Появление дона Аннибала встречено было продолжительным возгласом “А!”, выдававшим нетерпение присутствовавших.

Хозяин, дружеским жестом пригласив гостей разместиться на приготовленных для них местах, пробрался к столу, покрытому зеленым сукном. Там уже сидело несколько человек, между которыми были: дон Орелио Гутиеррец, оба канадца и как-то незаметно пробравшийся в это избранное общество Вискаша.

Дон Аннибал выждал, пока не наступит полная тишина и тогда начал речь.

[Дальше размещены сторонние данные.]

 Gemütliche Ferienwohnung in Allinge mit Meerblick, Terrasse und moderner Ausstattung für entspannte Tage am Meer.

— Сеньоры! — сказал он твердым и выразительным голосом. — Позвольте мне сначала от имени отечества поблагодарить вас за быстрый отклик на мое приглашение. Несмотря на постоянные затруднения, несмотря на торжество наших гордых врагов, дело, которое мы поклялись защищать, не гибнет, а, напротив, преуспевает, так как оно свято. Мы сражаемся за свободу, эту неотъемлемую принадлежность всех народов. Прежде чем перейти к цели нашего съезда, кабальеро, позвольте мне вкратце резюмировать все сделанное за двенадцать истекших лет. Это поможет нам здраво обсудить положение дел и решить, своевременно ли восстание.

— Извините, сеньор, — сказал Лунный Свет, поднимаясь и прерывая дона Аннибала, — вы собираетесь, как видно, обсуждать дела, совершенно чуждые для меня и моего товарища. Поэтому мы просим у вас позволения удалиться, чтобы не подслушать ваших тайн.

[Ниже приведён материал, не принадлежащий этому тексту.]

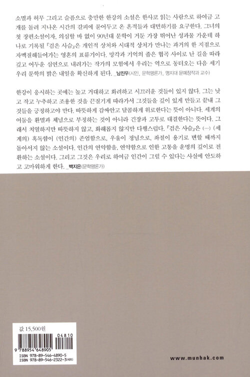 세련되고 충격적인 이미지, 우아하고 힘있는 묘사, 그것들을 하나로 꿰는 견고한 서사를 바탕으로 등단 이후 줄곧 문단과 독자들에게 강렬한 독서 체험을 선사해준 작가 한강의 <검은 사슴>이다.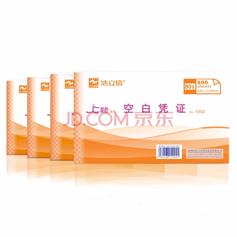 商品相册:浩立信(LISON)【超级爆款】聚橙优选空白凭证纸240*140mm 80G 500张/包发票版通用凭证打印纸财务办公第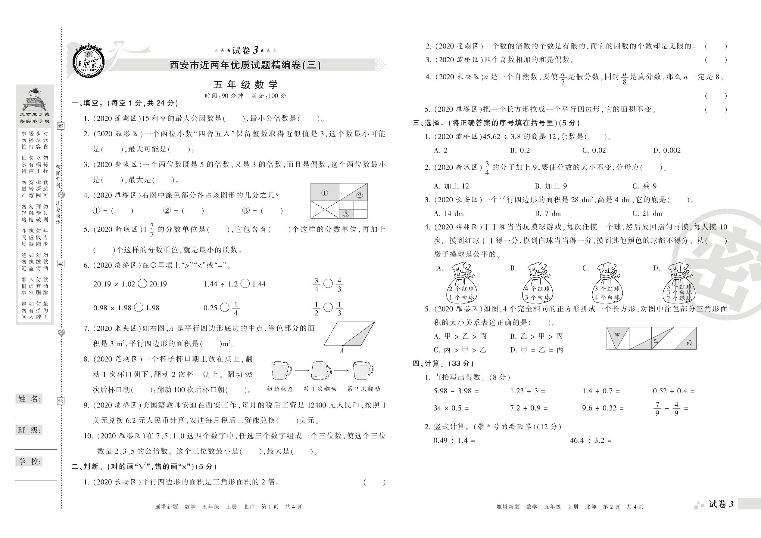 西安市近两年优质试题精编卷(三)五年级上册数学(北师版)【3】
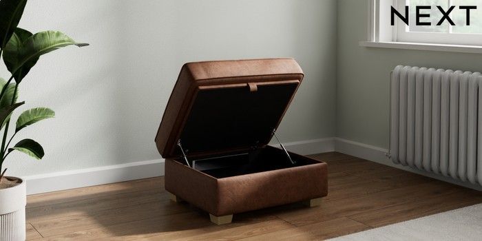 7.2.10 Heath Highback Storage Footstool Monza Faux Leather Easy Clean Chestnut Brown Small Block - Light | Made Click here to use our website with more accessibility support, for example screen readers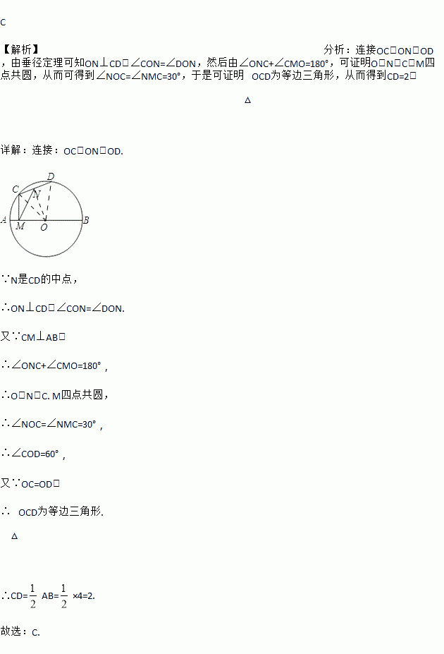 如图,AB为直径,AB=4,C、D为圆上两个动点,N为CD中点,CM⊥AB于M,当C、D在圆上运动时保持∠CMN=30°,则CD的长( )

При этих словах, произнесенных с присущей канадцу насмешливостью, среди присутствующих поднялся шум. Одни требовали объяснения, другие кричали об измене, одним словом, царил полный беспорядок.

Дон Аннибал и дон Орелио напрасно пытались успокоить своих друзей и восстановить порядок в собрании.

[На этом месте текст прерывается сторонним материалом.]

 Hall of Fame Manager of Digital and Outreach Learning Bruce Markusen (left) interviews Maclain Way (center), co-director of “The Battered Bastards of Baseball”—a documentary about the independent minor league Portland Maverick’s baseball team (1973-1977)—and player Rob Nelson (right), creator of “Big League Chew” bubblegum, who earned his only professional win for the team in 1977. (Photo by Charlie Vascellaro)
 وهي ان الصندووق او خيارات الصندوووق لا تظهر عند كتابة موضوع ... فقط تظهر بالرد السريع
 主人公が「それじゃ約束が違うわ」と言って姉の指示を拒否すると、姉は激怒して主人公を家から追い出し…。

Наконец, увещевания и просьбы оказали свое действие: удалось добиться тишины.

— Э! — вскричал тогда дон Аннибал по адресу Лунного Света. — Разве мы не можем рассчитывать на вас и вашего товарища?

— На каком же основании рассчитывать вам на нас? — сказал прямодушно охотник. — Насколько мне известно, мы не заключали никаких условий, вы не делали мне никаких предложений. By god! Дела — делами! Почтенные джентльмены совершенно правы.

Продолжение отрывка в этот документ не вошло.